New technique could lead to long-lasting localized stimulation of brain tissue without external connections.
Researchers at MIT have developed a method to stimulate brain tissue using external magnetic fields and injected magnetic nanoparticles — a technique allowing direct stimulation of neurons, which could be an effective treatment for a variety of neurological diseases, without the need for implants or external connections.
The research, conducted by Polina Anikeeva, an assistant professor of materials science and engineering, graduate student Ritchie Chen, and three others, has been published in the journal Science.
Previous efforts to stimulate the brain using pulses of electricity have proven effective in reducing or eliminating tremors associated with Parkinson’s disease, but the treatment has remained a last resort because it requires highly invasive implanted wires that connect to a power source outside the brain.
“In the future, our technique may provide an implant-free means to provide brain stimulation and mapping,” Anikeeva says.
In their study, the team injected magnetic iron oxide particles just 22 nanometers in diameter into the brain. When exposed to an external alternating magnetic field — which can penetrate deep inside biological tissues — these particles rapidly heat up.
The resulting local temperature increase can then lead to neural activation by triggering heat-sensitive capsaicin receptors — the same proteins that the body uses to detect both actual heat and the “heat” of spicy foods. (Capsaicin is the chemical that gives hot peppers their searing taste.) Anikeeva’s team used viral gene delivery to induce the sensitivity to heat in selected neurons in the brain.
The particles, which have virtually no interaction with biological tissues except when heated, tend to remain where they’re placed, allowing for long-term treatment without the need for further invasive procedures.
“The nanoparticles integrate into the tissue and remain largely intact,” Anikeeva says. “Then, that region can be stimulated at will by externally applying an alternating magnetic field. The goal for us was to figure out whether we could deliver stimuli to the nervous system in a wireless and noninvasive way.”
The new work has proven that the approach is feasible, but much work remains to turn this proof-of-concept into a practical method for brain research or clinical treatment.

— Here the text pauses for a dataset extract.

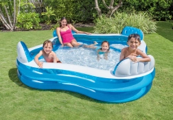 Nyd sommeren fuldt ud med en rummelig oppustelig pool, der tilbyder 4 integrerede sæder med ryglæn i hjørnerne for maksimal komfort. Holdbare PVC-materialer, en stabil konstruktion med 2 luftkamre og gennemtænkte detaljer gør den til den ideelle løsning til have, terrasse og ferie.
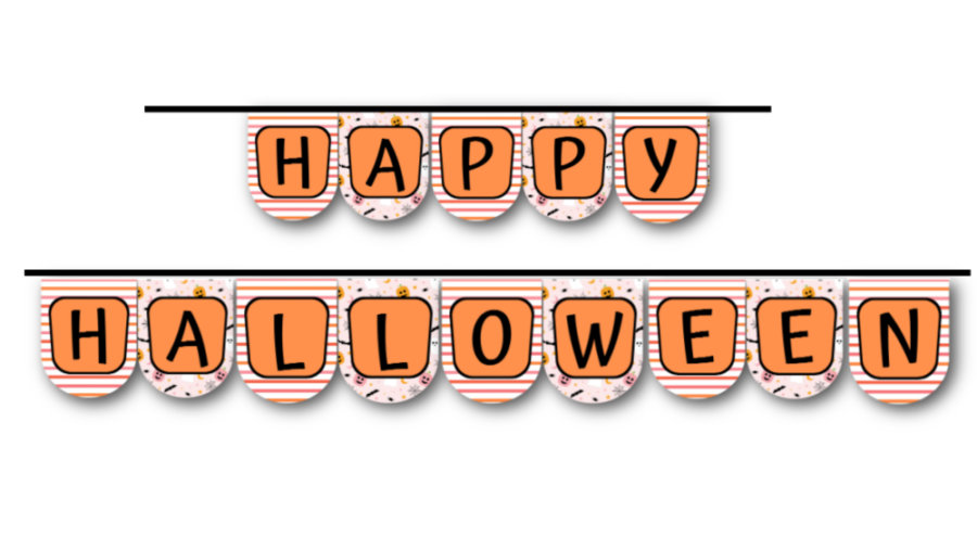 This cute printable Happy Halloween bunting is a great way to welcome your guests to the party. It matches the place cards, which could also be used to decorate tables.

The use of magnetic fields and injected particles has been an active area of cancer research; the thought is that this approach could destroy cancer cells by heating them. “The new technique is derived, in part, from that research,” Anikeeva says. “By calibrating the delivered thermal dosage, we can excite neurons without killing them. The magnetic nanoparticles also have been used for decades as contrast agents in MRI scans, so they are considered relatively safe in the human body.”
The team developed ways to make the particles with precisely controlled sizes and shapes, in order to maximize their interaction with the applied alternating magnetic field. They also developed devices to deliver the applied magnetic field: Existing devices for cancer treatment — intended to produce much more intense heating — were far too big and energy-inefficient for this application.
The next step toward making this a practical technology for clinical use in humans “is to understand better how our method works through neural recordings and behavioral experiments, and assess whether there are any other side effects to tissues in the affected area,” Anikeeva says.
This is “a completely novel approach for deep-brain stimulation,” says Bianxiao Cui, an assistant professor of chemistry at Stanford University who was not involved in this research. “The new method is significant in that it is relatively more easily administered and induces less brain-tissue responses as compared with electrode implantation. More importantly, the stimulation could be remotely controlled, a highly appealing feature for deep-brain stimulation.”
In addition to Anikeeva and Chen, the research team also included postdoc Gabriela Romero, graduate student Michael Christiansen, and undergraduate Alan Mohr. The work was funded by the Defense Advanced Research Projects Agency, MIT’s McGovern Institute for Brain Research, and the National Science Foundation.